Academy members do like some foreigners. They admired Winston Churchill, subject of a biopic that year. He is a hero in Britain and villain in India, where his extraction of food contributed to a famine killing millions.[27] Critics, educators, and scholars need to ask themselves whether they feign ignorance that such comments do not reflect, in part, how Oscar merit is determined.

Such scrutiny is not new. People magazine declared a “Hollywood blackout” in 1996. Esther Breger explains:

“The 68th Academy Awards, hosted by Whoopi Goldberg and produced by Quincy Jones, were two weeks away, and the magazine used its audience of nearly 4 million subscribers to announce a shocking discovery. Of the 166 Oscar nominees that year, only one was black.”[28]

The Black nominee was Dianne Houston for Tuesday Morning Ride (USA, 1995). At that time, Jesse Jackson organized a protest outside ABC affiliates, broadcasting the ceremony in Chicago, Los Angeles, and Washington. He was stigmatized as a troublemaker.

Jacqueline Keeler defines Whites-only nominations for acting in 2016, repeating 2015, as a “symptom of Hollywood’s racism.”[29] She finds “no Oscar nominations for Native American actors or filmmakers or writers” in the award’s 86 years.[30] Oscars recognize Indigenous people when they appear in films by Whites, such as Alejandro González Iñárritu’s The Revenant (USA/Hong Kong/Taiwan, 2015). Because he is Mexican, Iñárritu’s nomination makes the Oscars appear inclusive. The Oscars adore the “three amigos”—Iñárritu, Guillermo del Toro, and Alfonso Cuarón—who, Deborah Shaw notes, make films outside México yet “take on the role of advocates and ambassadors for the national film industry.”[31] They win Best Director constantly, helping Oscar deflect criticisms.
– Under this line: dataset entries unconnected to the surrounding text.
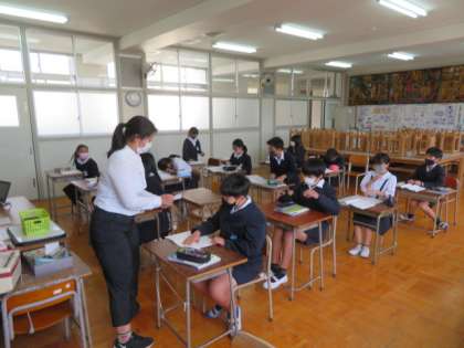 習熟度別少人数学習で3教室に分かれて行っている5年生算数の校内研究授業を行いました。
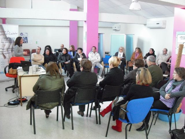 El Centro de la Mujer de Las Torres de Cotillas acogió ayer martes 21 de febrero una charla con entrada gratuita que, con el titulo de "Cuídate para cuidar", se dirigía a los cuidadores de personas dependientes beneficiarias del servicio de "Teleasistencia Domiciliaria". El objetivo de esta propuesta –a la que asistió la concejala de Igualdad torreña, Gloria Fernández- era el de informar y formar a los cuidadores de personas dependientes sobre autoestima, técnicas de relajación y habilidades necesarias para afrontar sus tareas de cuidador.
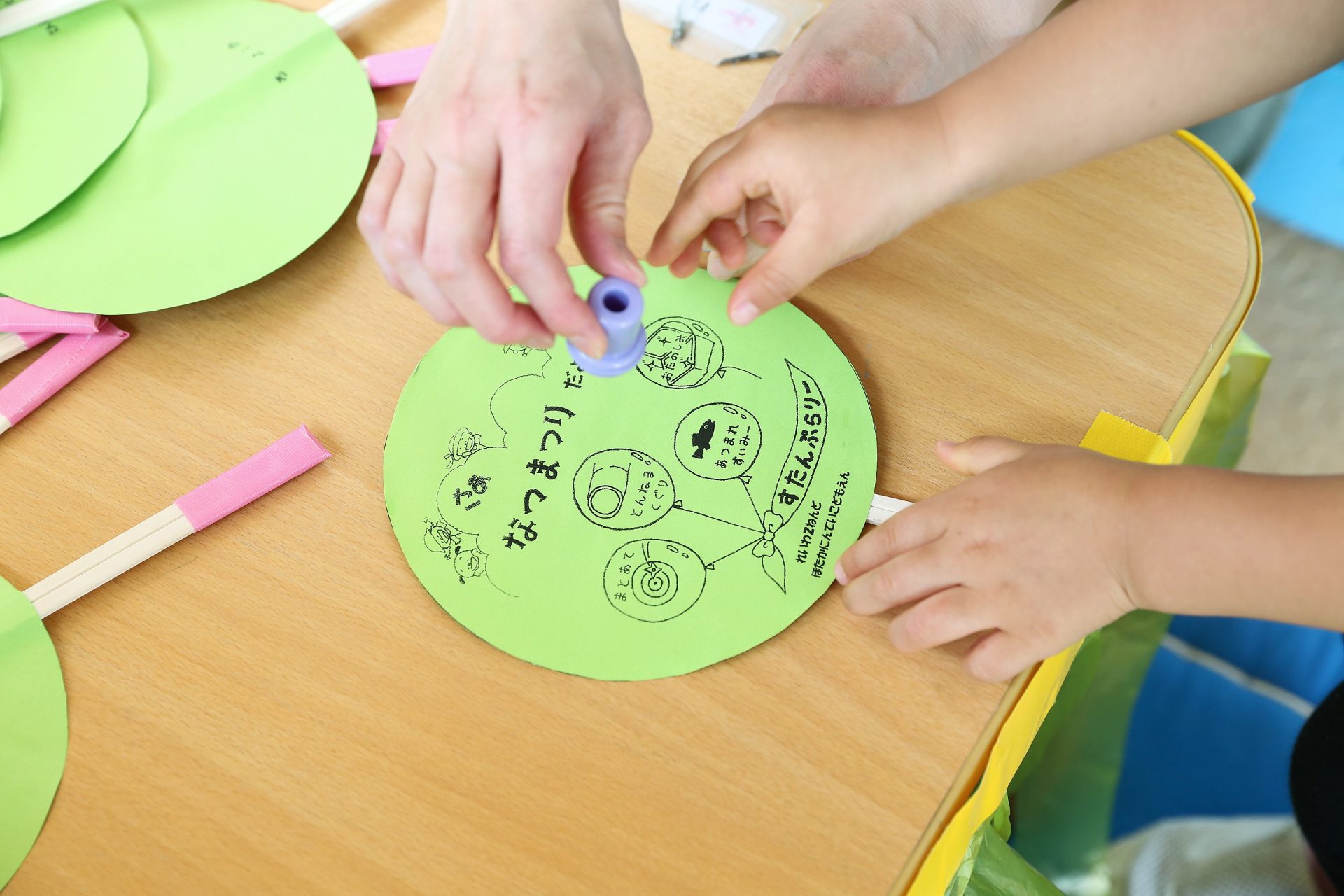 提灯、お魚づくりなど友達や保育士と一緒に準備を進めるなかで、「なつまつりいつ?」と楽しみにしたり、
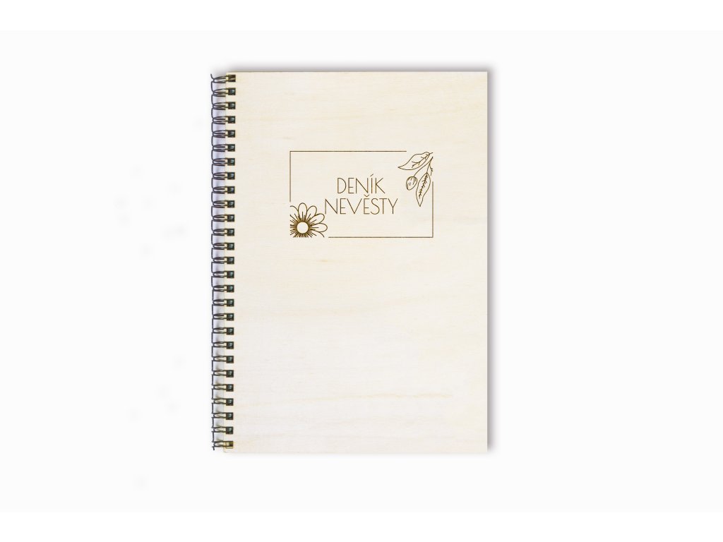 Dřevěný deník „Deník nevěsty“ s jemným květinovým rámem je nádherným místem, kam si můžete zapisovat své svatební plány, nápady, emoce i vzpomínky na cestu k velkému dni. Působí elegantně, minimalisticky a nadčasově a stane se osobní památkou, ke které se budete po letech rádi vracet.
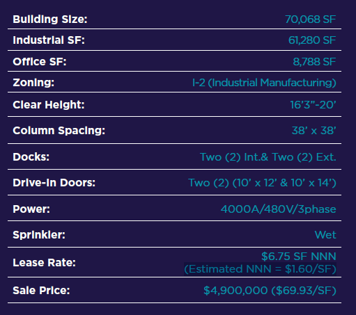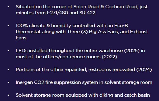 29601 SOLON ROAD Industrial Feb 18 Written By Barna Caplan BROCHURE FLOORPLAN FOR SALE - $4,900,000 ($69.93/SF) OR LEASE - $6.75 SF NNN (Estimated NNN = $1.60/SF) For LeaseFor Sale50K SF - 100K SF Barna Caplan
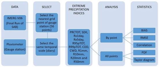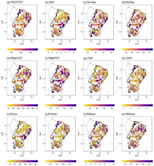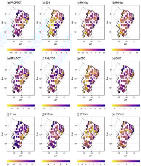 The indices of the Expert Team on Climate Change Detection and Indices (ETCCDI) are based on daily temperature and precipitation. In this study, only indices based on precipitation were used, totaling 12 (Table 1). The reason for choosing these 12 indices was the fact that precipitation is a very important climate element in the SAB for the short, medium, and long term, in addition to being typically used to represent the probability of rare events [,].
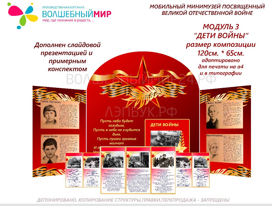 ✅Модуль 3 "Дети войны",дополнен карточками стойками с изображением ,примерным конспектом НОД и презентацией.Модуль адаптивен ,так же возможно собственное дополнение экспонатами.
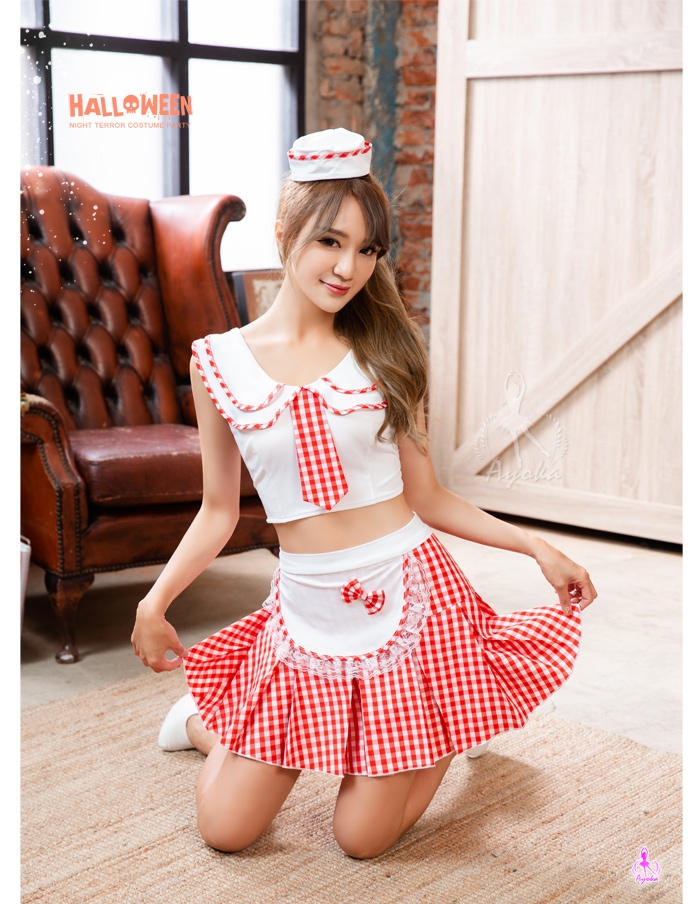 此款紅白格紋女僕角色扮演服,
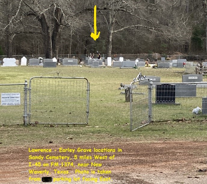 East Sandy Cemetery, New Waverly Texas. The cemetery is 5 miles west of I-45 on FM 1374. This photo shows the locations of the graves.
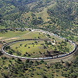 The Tehachapi Loop is a 3,779 feet (0.72 mi; 1.15 km) long spiral, or helix, on the Union Pacific Railroad Mojave Subdivision through Tehachapi Pass, of the Tehachapi Mountains in Kern County, south-central California. The line connects Bakersfield and the San Joaquin Valley to Mojave in the Mojave Desert.
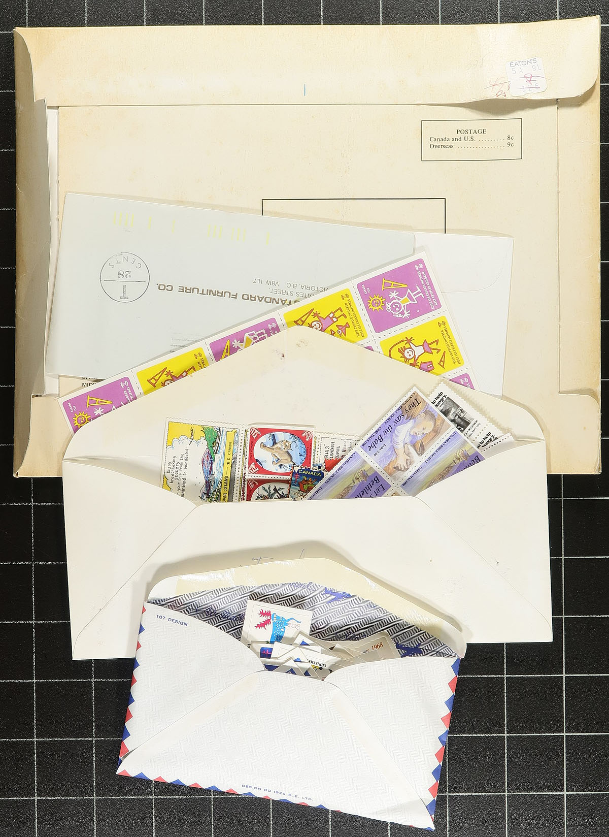 Cinderellas, poster stamps, labels, forgeries, charity, even a bit of ephemera and (GB) perfins. Strength in Canada (group of mint 1980’s-1990’s wildlife stamps, plus three used Alberta licences and a couple of mint panes from Quebec, Royal Hudson sheetlets), United States (nice WWII labels and some post-war fundraising labels), Great Britain (Coronation, Lundy), Europe (WWII Polish labels, forgeries). There is an envelope of "etiquettes" for airmail, special delivery and registration labels. Plus more! Mostly 20th century material, filling an envelope box. Estimate =
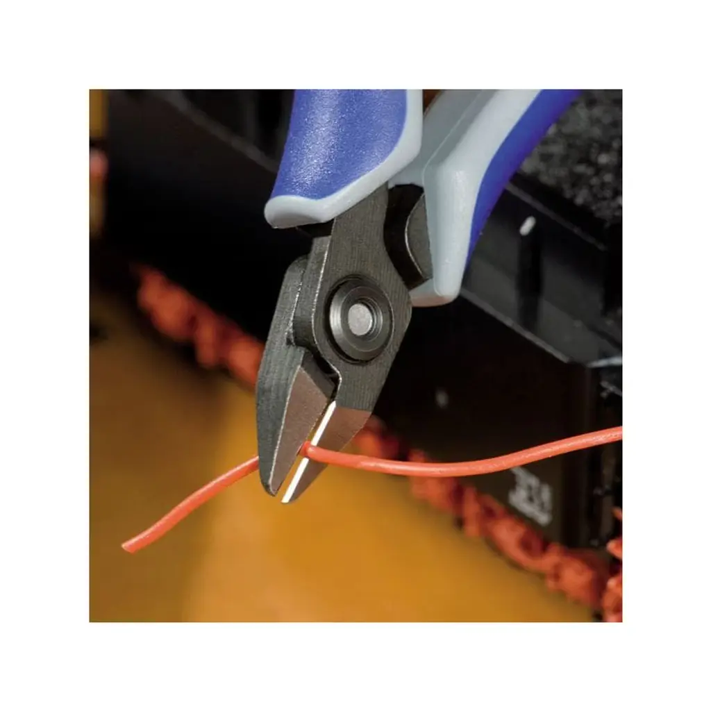 High Leverage Diagonal Cutting Plier, Plier Type Precision Diagonal Cutting Pliers, Cut Profile Standard, ESD-Safe Yes, Insulated No, Non-Sparking No, Head Offset Angle 0 Degrees , Overall Length 5 in, Jaw Length 1 in, Jaw Width 1/2 in, Jaw Opening Type Spring Return, Maximum Wire Cutting Diameter 1.5 mm, Voltage Rating Not Rated, Tether Ready Yes, Cutter Length 1/2 in, Cutter Location Side
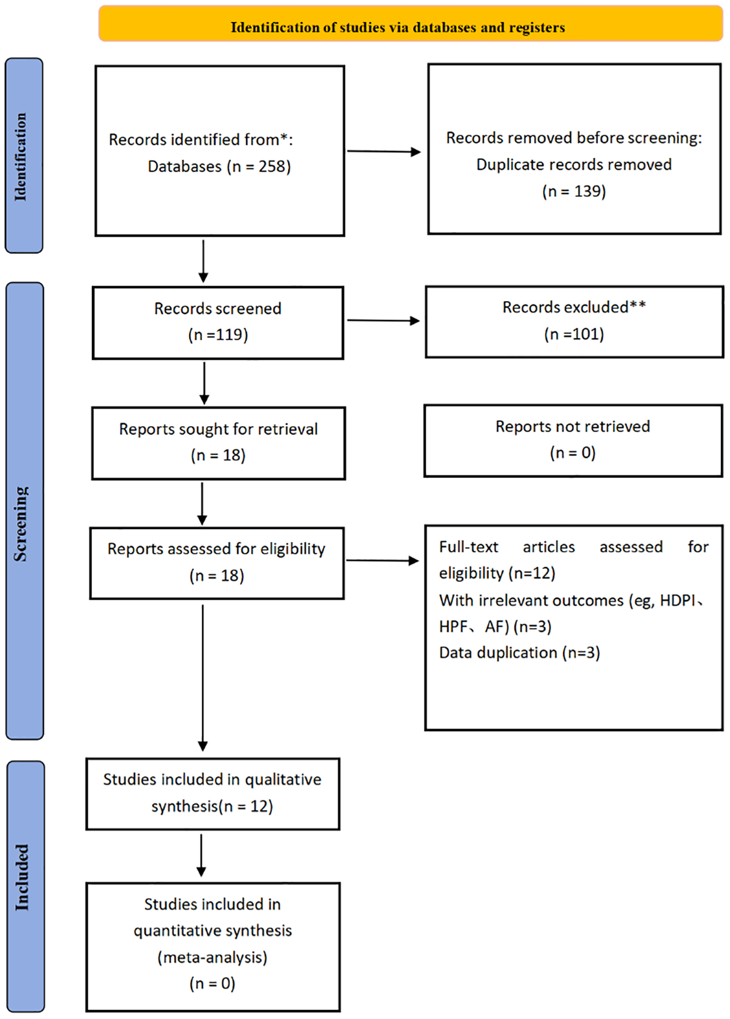 The literature screening process was divided into two stages. In the initial phase, two researchers (TJW and ZSP) were responsible for collecting the relevant literature. All the literature collected was entered into EndNote X9 and duplicated items were automatically and manually removed. Eligible studies were identified by reviewing the title and abstract against the set inclusion and exclusion criteria. In the second stage, the studies in question are evaluated through a full-text review to determine which studies are suitable for inclusion in the meta-analysis. In the literature screening process, if two researchers have different opinions, a third researcher (LC) will be invited to participate in the discussion until a consensus is reached (see the attachment for detailed screening process).

As Jorge Cotte noted about Roma (México/USA, 2018),

“If Cuarón were a white American or European, a depiction of an indigenous woman that shored up so many parts of his family’s life would have been even more vulnerable to critical eyes.”[32]

Feigned ignorance extends to not noticing that Oscars rewards Whites and Westerners for appropriating not-White and not-Western stories, such as Gandhi (UK/India/USA, 1982; dir. Richard Attenborough) and Slumdog Millionaire (UK/USA, 2008; dir. Danny Boyle). The films refocus attention back on White filmmakers. Yasmina Price argues White filmmakers make neocolonial films about Africa when trying to critique neocolonialism.[33] Occasional awards go to not-White and not-Western filmmakers for films about White-Western people, notably Ang Lee’s Brokeback Mountain (USA/Canada, 2002) and Zhoé Zhao’s Nomadland (USA, 2020).[34] Feigned ignorance extends to the kinds of not-Western stories that Oscars notices. With its precocious young girl, The Present (UK/Palestine, 2020; dir. Farah Nabulsi) did, much as Wadjda (Germany/Saudi Arabia, 2012; dir. Haifaa Al Mansour) had. Only Arab girls, who appear to act like White girls by defying what White women consider Arab and/or Muslim patriarchy, win Oscar nominations.

Waad Mohammed as Wadjda, performing “relatable” girlhood by riding a bicycle in an abaya in Wadjda (Germany/Saudi Arabia, 2012; dir. Haifaa Al Mansour). Maryam Kanj as Yasmin, performing “relatable” girlhood by ignoring IDF checkpoint in The Present (UK/Palestine, 2020; dir. Farah Nabulsi).